Dir2md + Spicy: Turn Any Repo into LLM-Ready Context (and Catch Risks)

What it does (TL;DR)

Scans a repo and produces both human-friendly Markdown and LLM-ready JSON/JSONL in one shot.
NEW v1.2.2: Root-safe symlink handling + large-file masking (no bypass) + deprecation-free pathspec matching.
NEW v1.2.1: Enterprise-grade security (5 critical fixes) + flexible 3-tier configuration system.
NEW v1.2.0: Zero-config intelligence (60-70% token reduction) with Gravitas compression, smart query, and AST sampling.
Smart sampling + token budgeting to avoid overloading models.
Built-in masking for secrets and a Spicy 5-level risk report (on by default).
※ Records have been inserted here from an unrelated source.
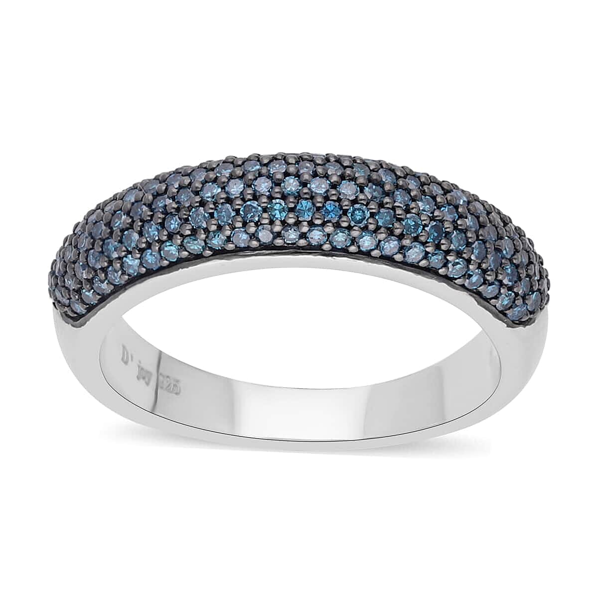 Blue Diamond Ring in Platinum Over Sterling Silver (Size 7.0) 0.50 ctw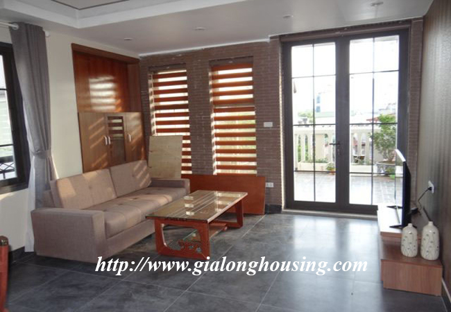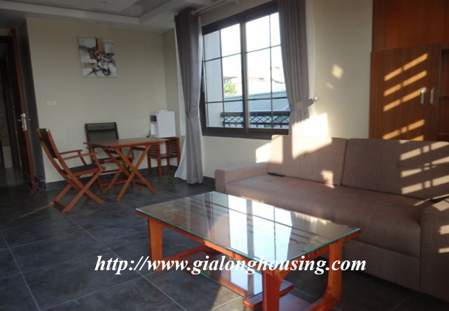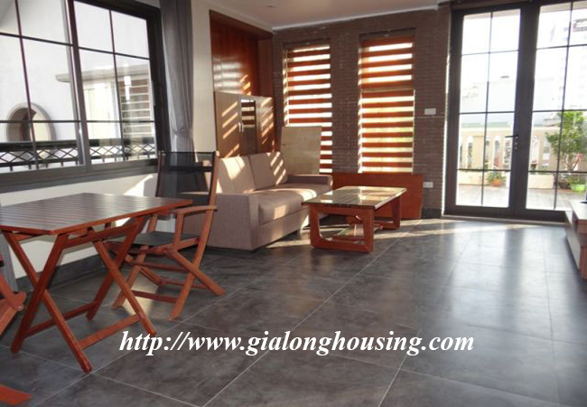 Căn hộ cho thuê nằm trên tầng 6 của tòa nhà mới được đưa vào sử dụng, rất gần với khách sạn Daewoo, trung tâm thương mại Lotte. Với diện tích: 90 m2, thiết kế 1 phòng ngủ, 1 phòng vệ sinh, phòng khách, bếp, và 1 khoảng sân vườn rộng dành riêng cho căn hộ. Nội thất trang bị đầy đủ, mới và hiện đại. Giá thuê đã bao gồm: internet, truyền hình cap, nước sinh hoạt, truyền hình Nhật NHK, dọn vệ sinh và giặt là, bảo vệ 24/ 24h.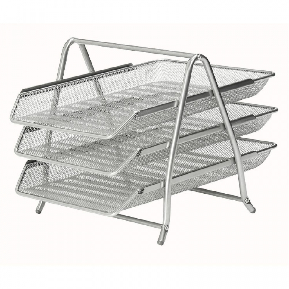 stolni stalak za spise; 3 ladice; vodoravni; žica; za spise formata A4; dimenzija 278x350x275 mm; srebrna boja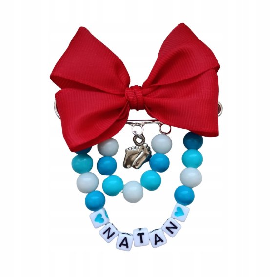• Broszka do wózka agrafka z imieniem kokarda czerwona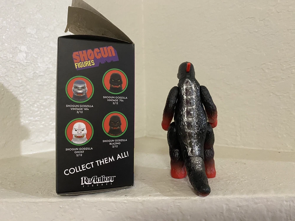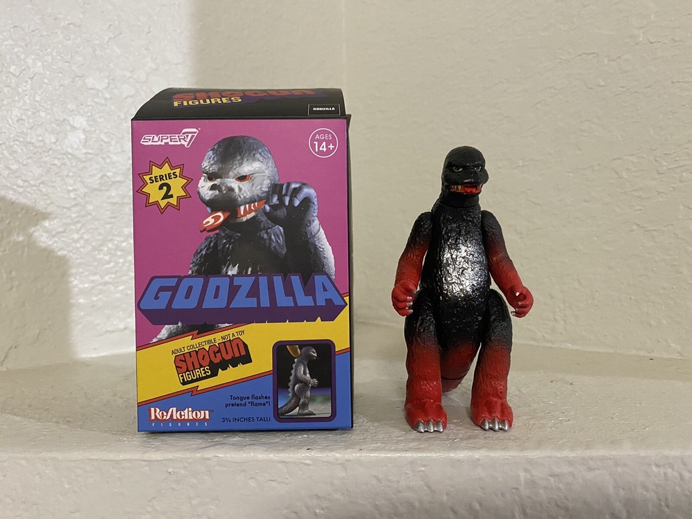 Shogun Warriors Vintage ‘70s Sofubi Styled Godzilla ReAction Series 2 Blind Box released by Super7 in red, black, and metallic silver colorway. RARE and BRAND NEW in box.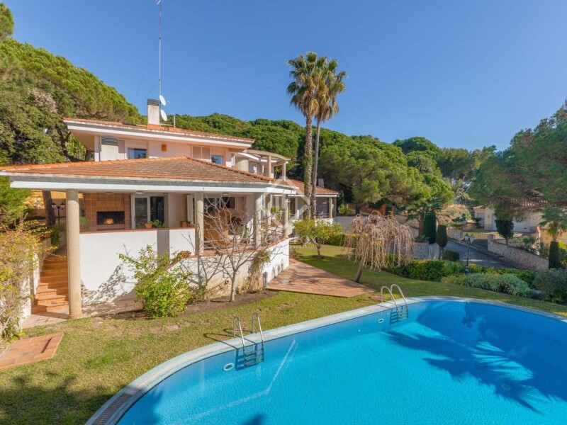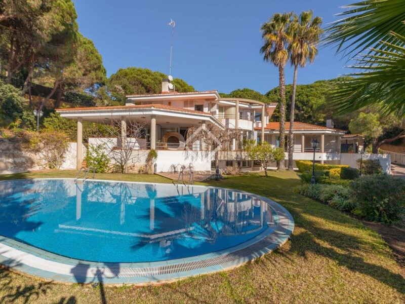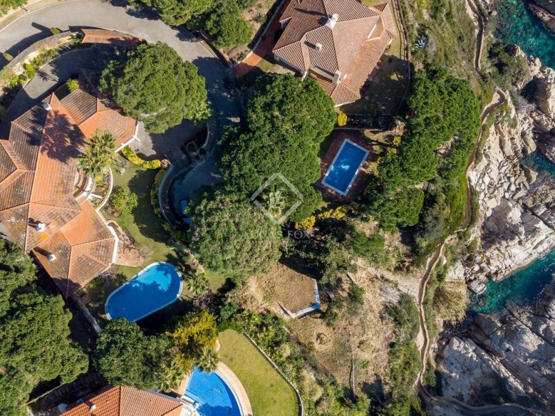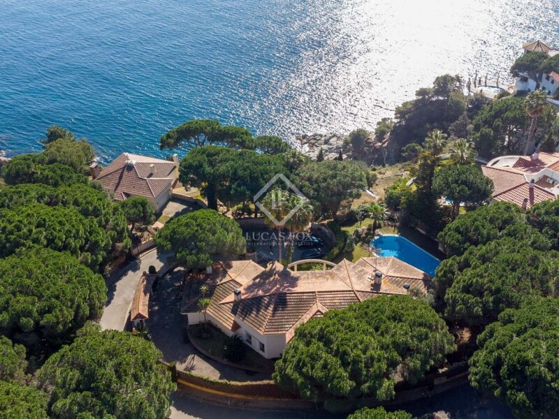 Beautiful villa located on the seafront in the Montgoda development, which enjoys a lot of privacy, and is at the same time very close to the city with its amenities. Within walking distance there is access to the sea via the rocks and the small beach of Cala Tronc. The property enjoys a leafy flat garden, a large swimming pool, part of its own forest, spacious interior and exterior-facing rooms. In the garden we find many fruit trees and flowers of different types. We access the property through a spectacular double-height entrance, which can be reached by car in the style of luxury hotels. From the entrance itself, thanks to large windows, we can see the garden and sea views. On the ground floor, right in the central part, we have a tea room, and on the right-hand side there is a living room with a library and a fireplace and an office with a library. All these rooms have a sea view and enjoy a covered terrace and access to the garden from it. Behind the living room and library, we have a guest bedroom and a complete bathroom. To the left of the living room we have a dining room that continues in the sofa area, then we have a large kitchen. The two rooms in this wing have access to a large open terrace that continues into the summer dining room and barbecue area. Just off the kitchen there is a pantry and a guest bathroom. In the upper part we have an area consisting of 4 bedrooms. The master bedroom, a large master suite with a dressing room. A suite with a small dressing room and a bathroom. And another 2 double bedrooms that share a complete bathroom. There is a laundry chute from the first floor to the basement floor. In addition, there are two stairxases, a main staircase and a staff staircase that go from the first floor to the basement. On the basement floor we have several rooms such as the gym, a play area, cellar, a workshop, storage area and staff apartment. On the same level, we have a garage for 4 cars. Please contact us for further information.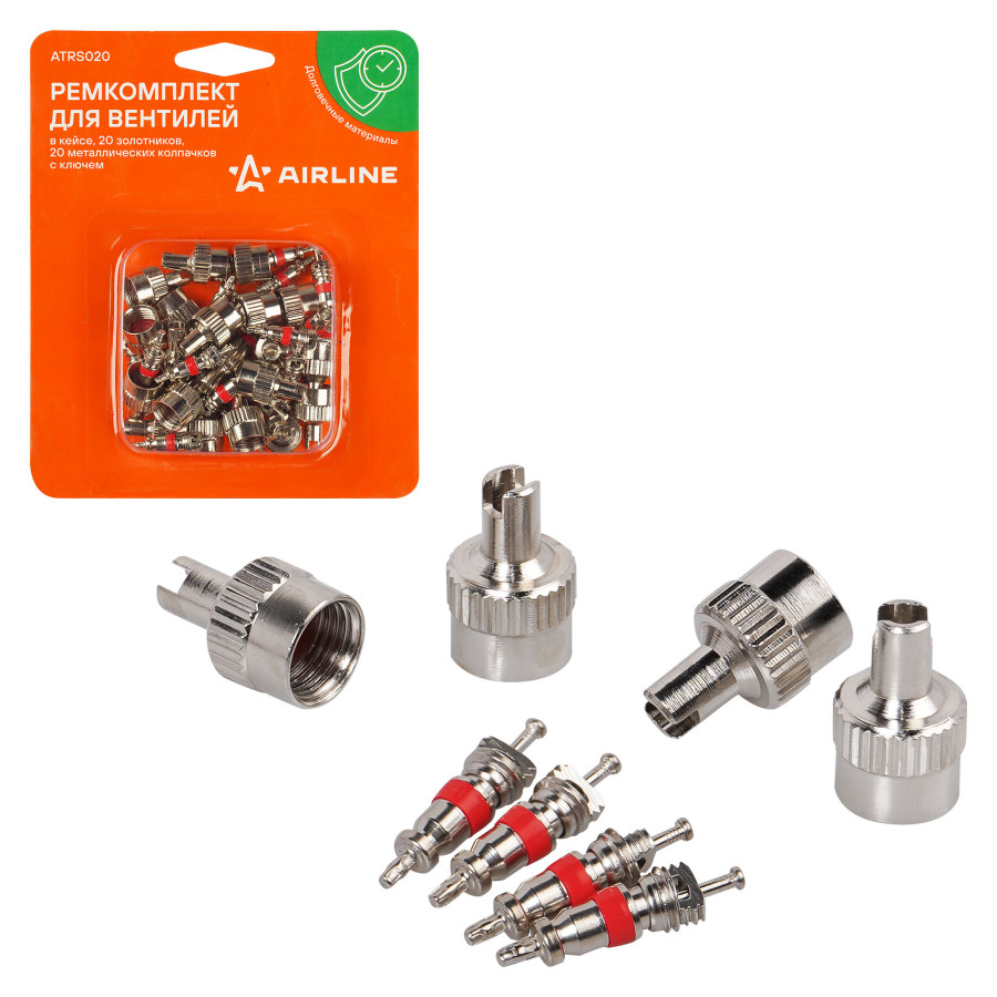 ремкомплект для вентилей AIRLINE в кейсе (20 золотников, 20 металл. колпачков с ключом), блистер ATRS020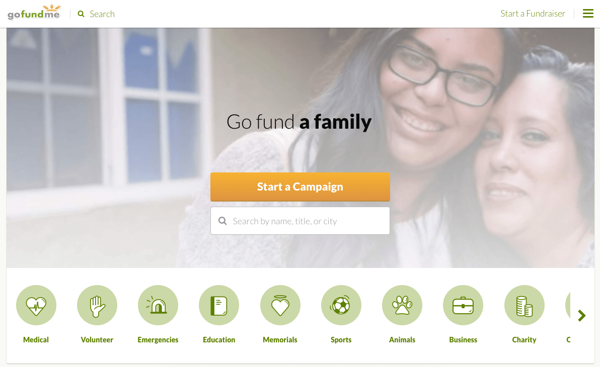2008 yılında kurulan GoFundMe ise 2010'dan bu yana 25 milyondan fazla bağışçıdan 3 milyar dolar toplamış bir platform. Şimdiye dek 2 milyon kampanyaya ev sahipliği yapmış ve geçen yıla göre yüzde 300 büyümüş. GoFundMe'nin kampanyalardan aldığı komisyon payı yüzde 5. Aldığı yatırım tutarı bilinmiyor ama Accel Partners ve Greylock Partners GoFundMe'nin yatırımcıları arasında.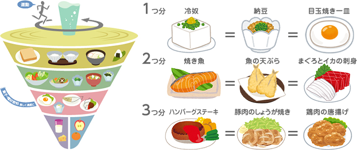 ざっくりと食事のバランスを考える時には、まずは「該当のグループに含まれる食材を、適切な量で食べられているか?」をチェックしていただきたいと思いますが、その中でいろいろな種類の食材を食べるようにすると、いろいろな栄養成分をからだに取り入れることができます。肉だけでなく、魚も、卵も、大豆製品も食べるようにできると良いですね。食事の内容を振り返って「最近肉が多いかな」というような時には、意識して魚を食べるようにするなどして調整してみてはいかがでしょうか。

SIDRCE Grade: A (90-94/100) — Security: A+ | Reliability: A | Performance: A

Why developers should care

Onboarding: New teammates see the structure, key files, and summaries in under a minute.
PR / Code Review: Drop the JSONL straight into your LLM to review a large codebase without token waste.
Safety & Quality: Spicy highlights risky spots; masking protects tokens/keys/PEM/JWT/DB URLs.
Reproducible: Cache/venv noise auto-excluded; --no-timestamp keeps outputs stable for CI.
NEW v1.2.2: Root-safe symlink traversal + large-file masking + cleaner pathspec matching.
NEW v1.2.1: Enterprise security (Markdown injection prevention, RCE elimination) + flexible configuration.
NEW v1.2.0: Automatic 60-70% token reduction with zero configuration overhead.

Key technical bits

Intelligence (v1.2.0)

Gravitas Compression: 30-50% token reduction using symbolic compression (auto-enabled in pro/ai)
Smart Query Processing: Typo correction + synonym expansion, 60%→90% accuracy (auto-enabled with queries)
AST Semantic Sampling: Python structure extraction, 30-40% additional reduction (auto-enabled for .py files)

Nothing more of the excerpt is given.